▸ The task: Set down the lines below, exactly, starting at the one that contains "Existen varios tipos" and stopping at the last line, inclusive. Omit pictures.

▸ Supplied information:
_ _ _ _ _ _ _

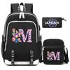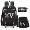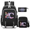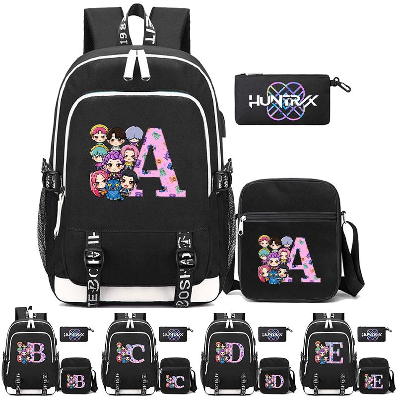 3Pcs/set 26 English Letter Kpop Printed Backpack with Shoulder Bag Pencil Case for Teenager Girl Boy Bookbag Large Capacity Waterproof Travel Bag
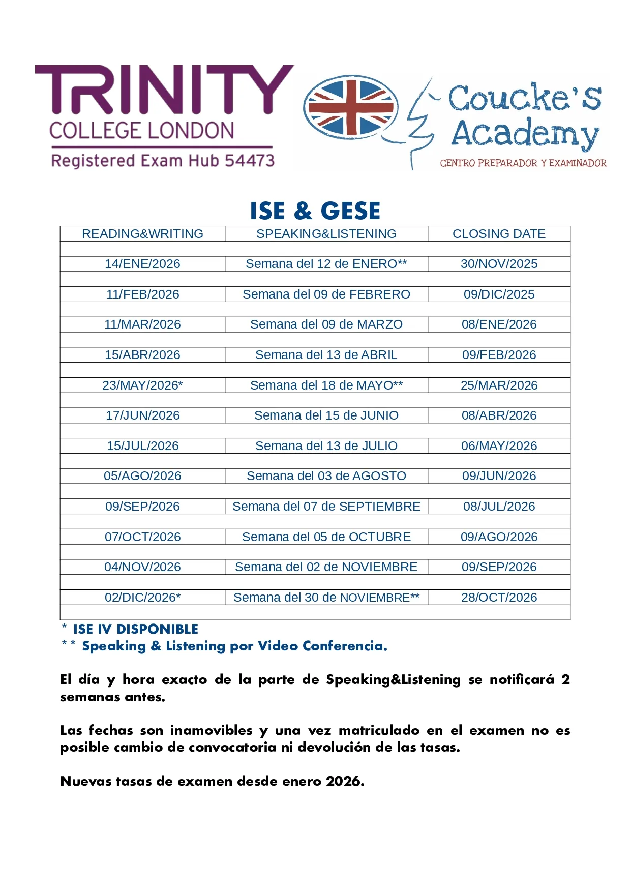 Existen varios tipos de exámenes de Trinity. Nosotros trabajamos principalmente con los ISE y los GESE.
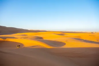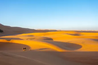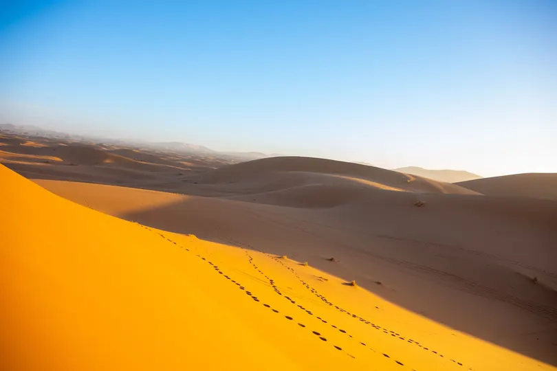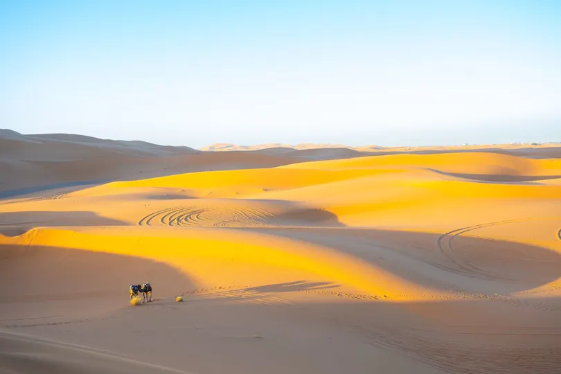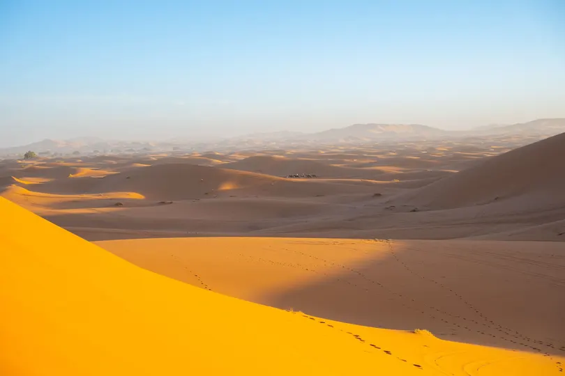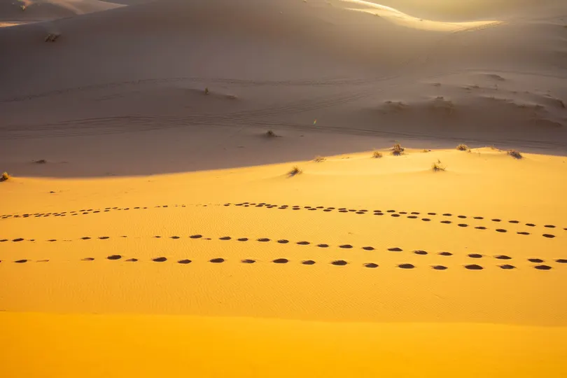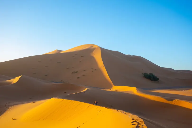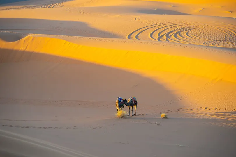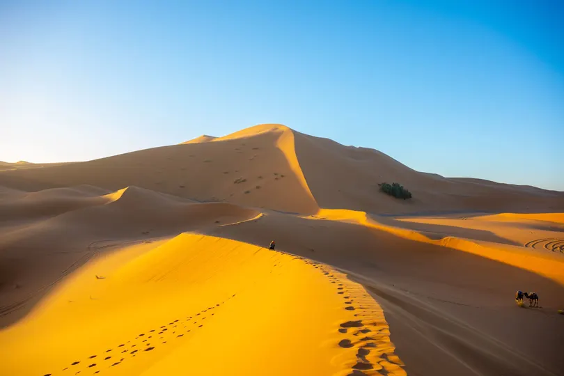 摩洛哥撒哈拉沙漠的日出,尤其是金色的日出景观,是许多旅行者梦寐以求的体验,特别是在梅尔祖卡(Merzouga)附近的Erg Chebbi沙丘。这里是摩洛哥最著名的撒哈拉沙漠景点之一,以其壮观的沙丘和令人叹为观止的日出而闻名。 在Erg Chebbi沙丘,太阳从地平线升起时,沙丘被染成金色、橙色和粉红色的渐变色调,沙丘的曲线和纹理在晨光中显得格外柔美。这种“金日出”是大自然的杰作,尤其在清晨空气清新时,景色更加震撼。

_ _ _ _ _ _ _

▸ Response area:
 Existen varios tipos de exámenes de Trinity. Nosotros trabajamos principalmente con los ISE y los GESE.
 摩洛哥撒哈拉沙漠的日出,尤其是金色的日出景观,是许多旅行者梦寐以求的体验,特别是在梅尔祖卡(Merzouga)附近的Erg Chebbi沙丘。这里是摩洛哥最著名的撒哈拉沙漠景点之一,以其壮观的沙丘和令人叹为观止的日出而闻名。 在Erg Chebbi沙丘,太阳从地平线升起时,沙丘被染成金色、橙色和粉红色的渐变色调,沙丘的曲线和纹理在晨光中显得格外柔美。这种“金日出”是大自然的杰作,尤其在清晨空气清新时,景色更加震撼。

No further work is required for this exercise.